DATA PROVIDED.
++++++++++++++++++++

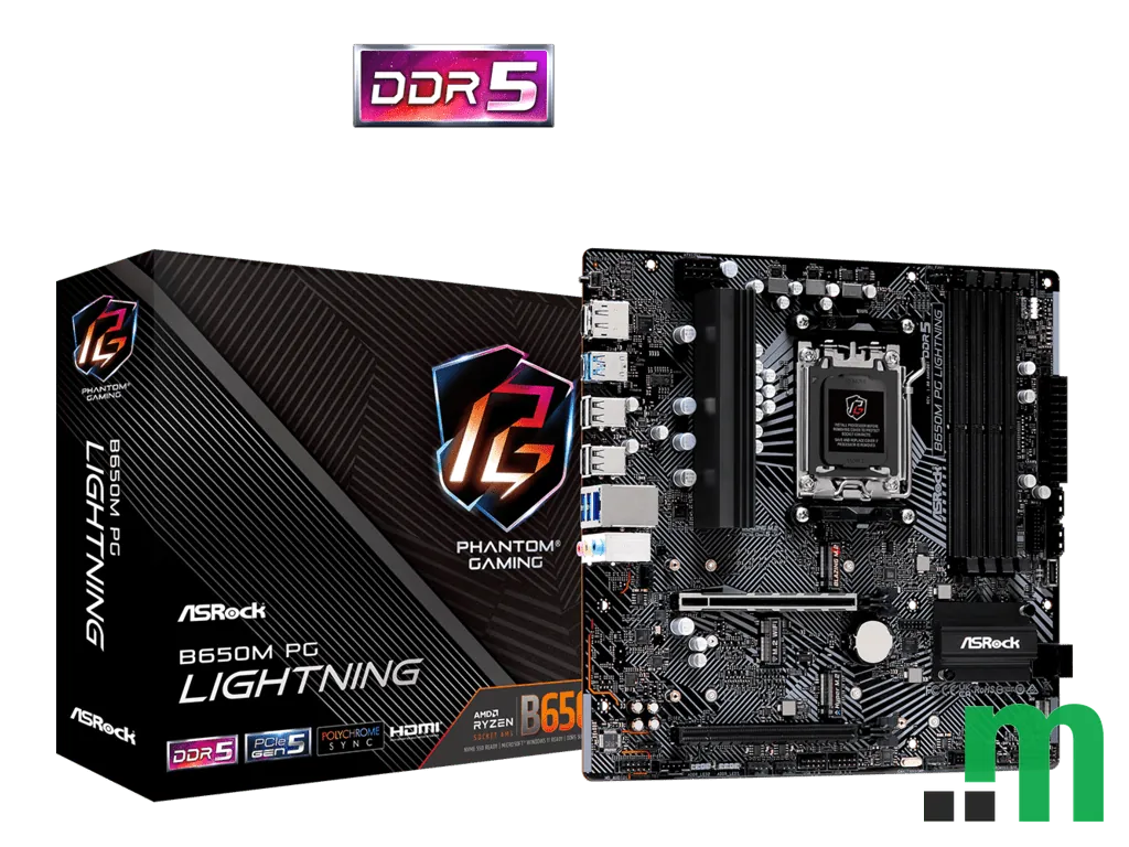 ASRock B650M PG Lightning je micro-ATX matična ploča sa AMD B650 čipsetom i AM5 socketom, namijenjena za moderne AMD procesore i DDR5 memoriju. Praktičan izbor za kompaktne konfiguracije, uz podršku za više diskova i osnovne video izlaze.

++++++++++++++++++++

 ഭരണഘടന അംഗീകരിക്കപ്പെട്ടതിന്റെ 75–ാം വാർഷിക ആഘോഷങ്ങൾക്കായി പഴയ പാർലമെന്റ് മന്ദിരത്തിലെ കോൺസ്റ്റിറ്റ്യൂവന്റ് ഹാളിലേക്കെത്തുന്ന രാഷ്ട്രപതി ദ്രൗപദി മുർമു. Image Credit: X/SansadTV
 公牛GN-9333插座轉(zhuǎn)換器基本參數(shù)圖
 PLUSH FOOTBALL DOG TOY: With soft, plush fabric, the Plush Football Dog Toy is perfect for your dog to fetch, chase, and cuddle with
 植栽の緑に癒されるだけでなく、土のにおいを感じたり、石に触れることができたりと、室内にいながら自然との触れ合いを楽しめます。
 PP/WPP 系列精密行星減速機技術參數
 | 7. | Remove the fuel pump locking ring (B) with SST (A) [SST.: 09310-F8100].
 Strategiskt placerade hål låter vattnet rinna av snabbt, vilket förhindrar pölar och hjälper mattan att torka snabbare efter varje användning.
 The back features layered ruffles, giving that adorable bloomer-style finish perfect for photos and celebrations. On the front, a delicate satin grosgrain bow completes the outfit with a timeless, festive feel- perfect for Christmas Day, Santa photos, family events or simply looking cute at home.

++++++++++++++++++++

Your task for the entries above: copy exactly the span starting with the line with "公牛GN-9333插座轉(zhuǎn)換器基本參數(shù)圖" and going on through the line with "(A) [SST.: 09310-F8100].", both lines included, and nothing else.

EXPECTED ANSWER.
 公牛GN-9333插座轉(zhuǎn)換器基本參數(shù)圖
 PLUSH FOOTBALL DOG TOY: With soft, plush fabric, the Plush Football Dog Toy is perfect for your dog to fetch, chase, and cuddle with
 植栽の緑に癒されるだけでなく、土のにおいを感じたり、石に触れることができたりと、室内にいながら自然との触れ合いを楽しめます。
 PP/WPP 系列精密行星減速機技術參數
 | 7. | Remove the fuel pump locking ring (B) with SST (A) [SST.: 09310-F8100].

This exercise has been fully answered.